> **Information shown**:
*****

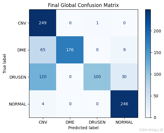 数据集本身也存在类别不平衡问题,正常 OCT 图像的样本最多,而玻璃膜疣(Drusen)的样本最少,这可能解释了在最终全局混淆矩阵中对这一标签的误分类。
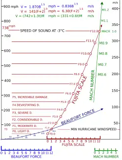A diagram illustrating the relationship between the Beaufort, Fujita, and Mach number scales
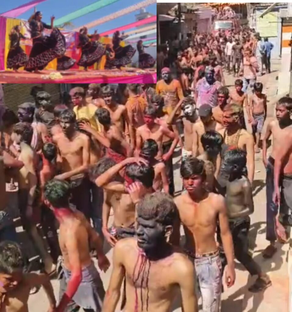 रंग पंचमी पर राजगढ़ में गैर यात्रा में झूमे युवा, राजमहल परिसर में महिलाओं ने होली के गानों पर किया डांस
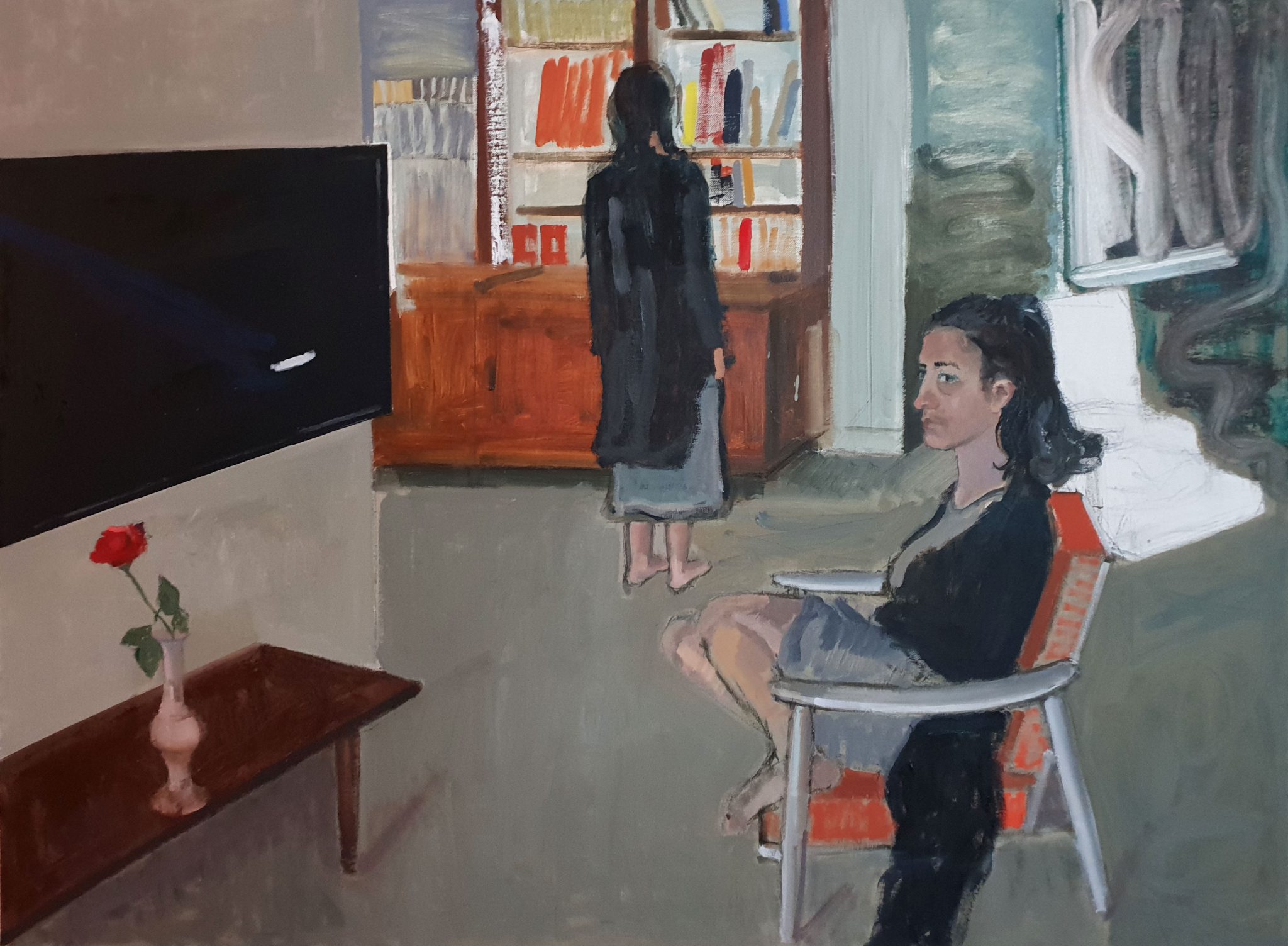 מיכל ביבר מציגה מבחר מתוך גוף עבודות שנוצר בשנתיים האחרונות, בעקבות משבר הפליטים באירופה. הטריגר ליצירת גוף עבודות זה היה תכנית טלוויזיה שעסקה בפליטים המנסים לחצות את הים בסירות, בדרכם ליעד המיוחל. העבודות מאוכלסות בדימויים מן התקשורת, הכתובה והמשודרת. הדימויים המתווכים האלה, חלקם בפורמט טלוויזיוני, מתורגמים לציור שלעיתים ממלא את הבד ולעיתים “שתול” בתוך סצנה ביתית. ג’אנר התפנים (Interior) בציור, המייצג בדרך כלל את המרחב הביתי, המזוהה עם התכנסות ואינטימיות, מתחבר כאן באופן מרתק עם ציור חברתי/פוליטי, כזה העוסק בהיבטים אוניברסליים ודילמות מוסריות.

*****

> **Exercise**: Leaving out the pictures, restate each line of the listing above verbatim, from the opening line to the line bearing "A diagram illustrating", inclusive, and no more.

> **Result of this exercise**:
 数据集本身也存在类别不平衡问题,正常 OCT 图像的样本最多,而玻璃膜疣(Drusen)的样本最少,这可能解释了在最终全局混淆矩阵中对这一标签的误分类。
A diagram illustrating the relationship between the Beaufort, Fujita, and Mach number scales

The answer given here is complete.